Measuring cell density with the countess

Countess II FL (Life Technologies, slides by Invitrogen) is used to assess cell density. After pipetting 10 μl of cell suspension into the measurement slide, incubate for 1 min to allow the cells to sediment in the focal plane before measuring. This is achieved by inserting the slide and selecting only the brightfield channel. The resulting cell count must be divided by 2 since the device assumes a 1:2 dilution in trypan blue and automatically corrects for it. Take at least two measurements to exclude measurement fluctuations. If necessary, adjust the focus manually. The practical measuring range has been reported to extend to approximately 6*107 cells/ml.

Preparations for the infection

Mycobacterium marinum

• From the primary liquid culture, inoculate a new liquid culture for infection. This culture should be started approximately 24 h before infection.
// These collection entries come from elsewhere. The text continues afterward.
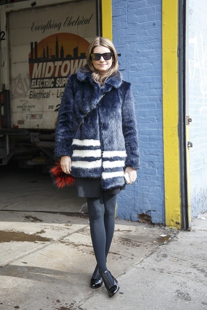 Contrairement à ce que l'on pourrait penser, la jeune femme de 24 ans n'a rien d'une farouche militante de chez PETA : le choix de la fausse fourrure correspond ici avant tout à un besoin de pragmatisme et d'esthétisme. Il faut dire que sa fausse fourrure - qui utilise un mélange de modacrylique plutôt que du polyester pur - affiche une exceptionnelle qualité, entre douceur, brillance et capacité à conserver l'intensité des teintures. Ajoutez à cela un zeste de nostalgie, une bonne dose d'espièglerie ainsi que l'envie très moderne de télescoper les genres et vous obtiendrez des manteaux ultra doux au pelage rayé que n'auraient certainement pas renié Margot Tenenbaum et Mary Quant...
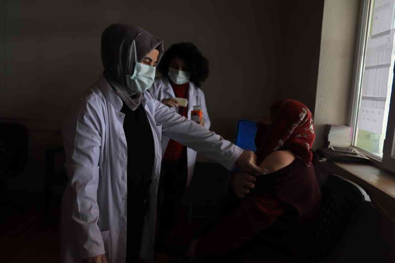 Kayseri’de sağlık çalışanları, zorlu kış şartlarına rağmen karlı yolları aşarak vatandaşları korona virüse karşı korumak için aşılamaya devam ediyor.
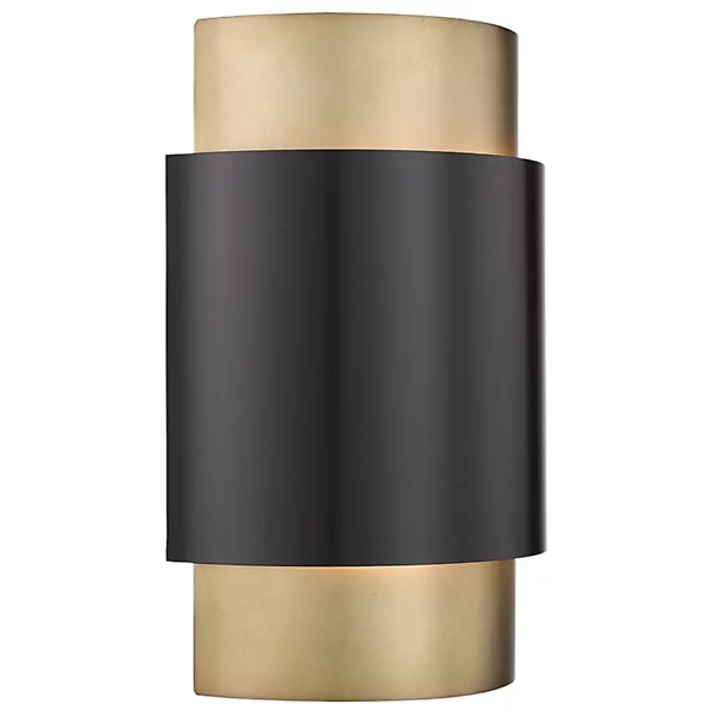 Meticulously crafted from steel, the Harley Wall Sconce from Alder & Ore brings a hint of art deco sophistication to your living space or entryway. Its distinctive drum shade features a slim interior cylinder with a warm rubbed brass finish, beautifully contrasted by a shorter, wider cylinder in a deep bronze finish. This sconce adds refinement without overshadowing your existing decor, making it a delightful and tasteful addition to your space.
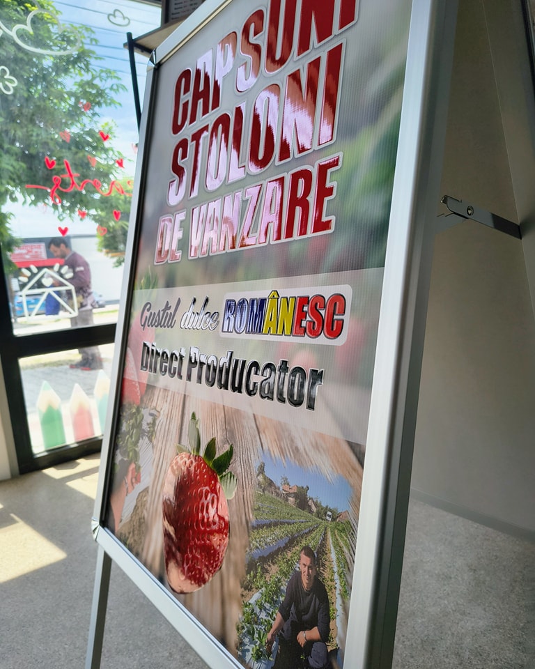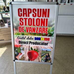 People Stopper-ul vine complet echipat, cu printurile deja montate, realizate pe banner imprimat UV, un material durabil, rezistent la intemperii, recomandat pentru utilizare în exterior pe termen lung.
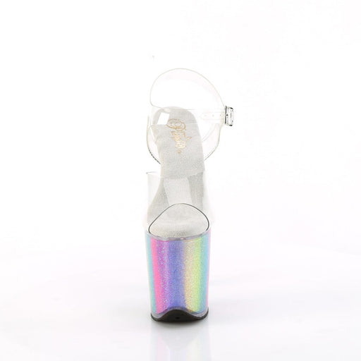 View full detailsFLAMINGO 808RG 01 Clear/Rainbow Glitter Platform Ankle Strap SandalDetails: 8 Inch Heel, 4 Inch Platform Brand: Pleaser.
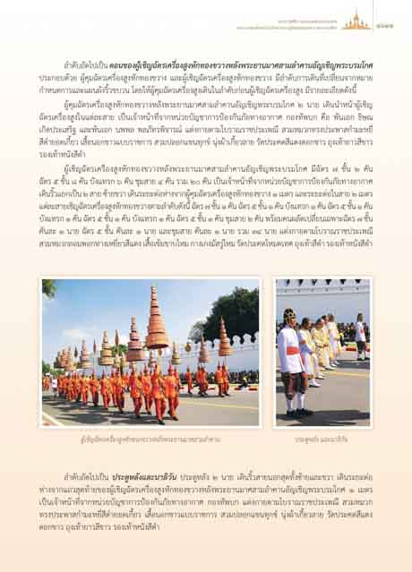 คันละ ๑ นาย ฉัตร ๕ ชั้น คันละ ๑ นาย และชุมสาย คันละ ๑ นาย รวม ๓๔ นาย แตงกายตามโบราณราชประเพณี
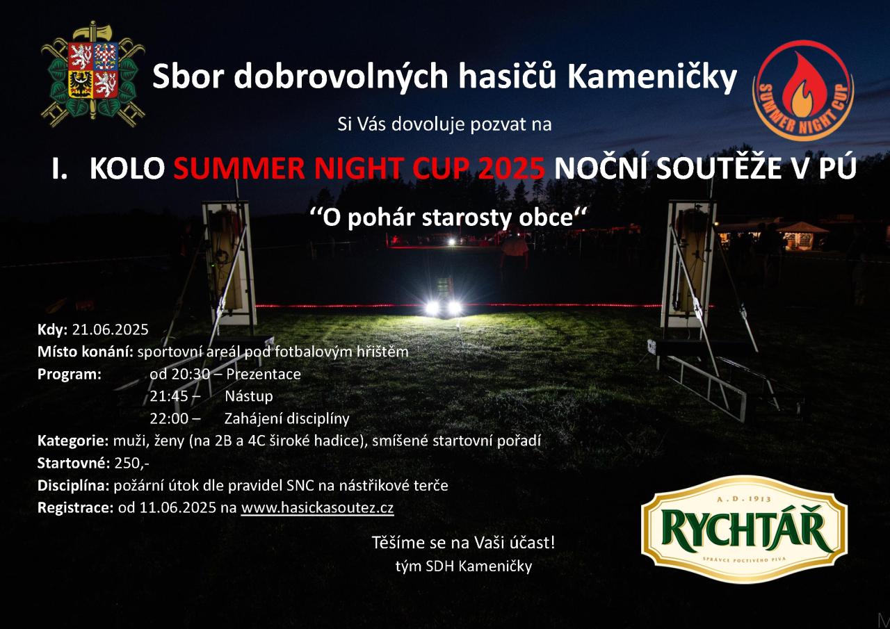 Noční soutěž v požárním útoku v rámci prvního kola Summer Night Cup 2025.

• For the infection culture, use an Erlenmeyer flask fitted with a gas-permeable plug. After adding an appropriate volume of 7H9 (between 10 and 30 ml, corresponding to the final culture volume) and the appropriate antibiotic, prepare the inoculum from the stored primary liquid culture.

• Resuspend by vortexing, and then pellet clumps by spinning at 300 rpm (corresponds to 20 g with the Thermo Scientific™ 75003180 rotor) for 1 min.

• Take 2–3 ml of the supernatant using a syringe (as described above) before adding the inoculum to the Erlenmeyer flask.

• Incubate the culture at 32°C while shaking at 150 rpm. Measure OD (as described above) to ensure adequate growth for the following day. If the culture is prepared 24 h before the experiment, a pathlength-corrected OD of approximately 0.3 is typically sufficient to obtain an OD of 1 on the day of the experiment.

Dictyostelium discoideum

• Plate Dd mCherry cells 24 h prior to the experiment in 10 cm Petri dishes at 1*107 cells per Petri dish (approximately 40% confluency) in filter-sterilized HL5-C medium without penicillin/streptomycin or additional selection to prevent residual antibiotics from compromising bacterial virulence during infection.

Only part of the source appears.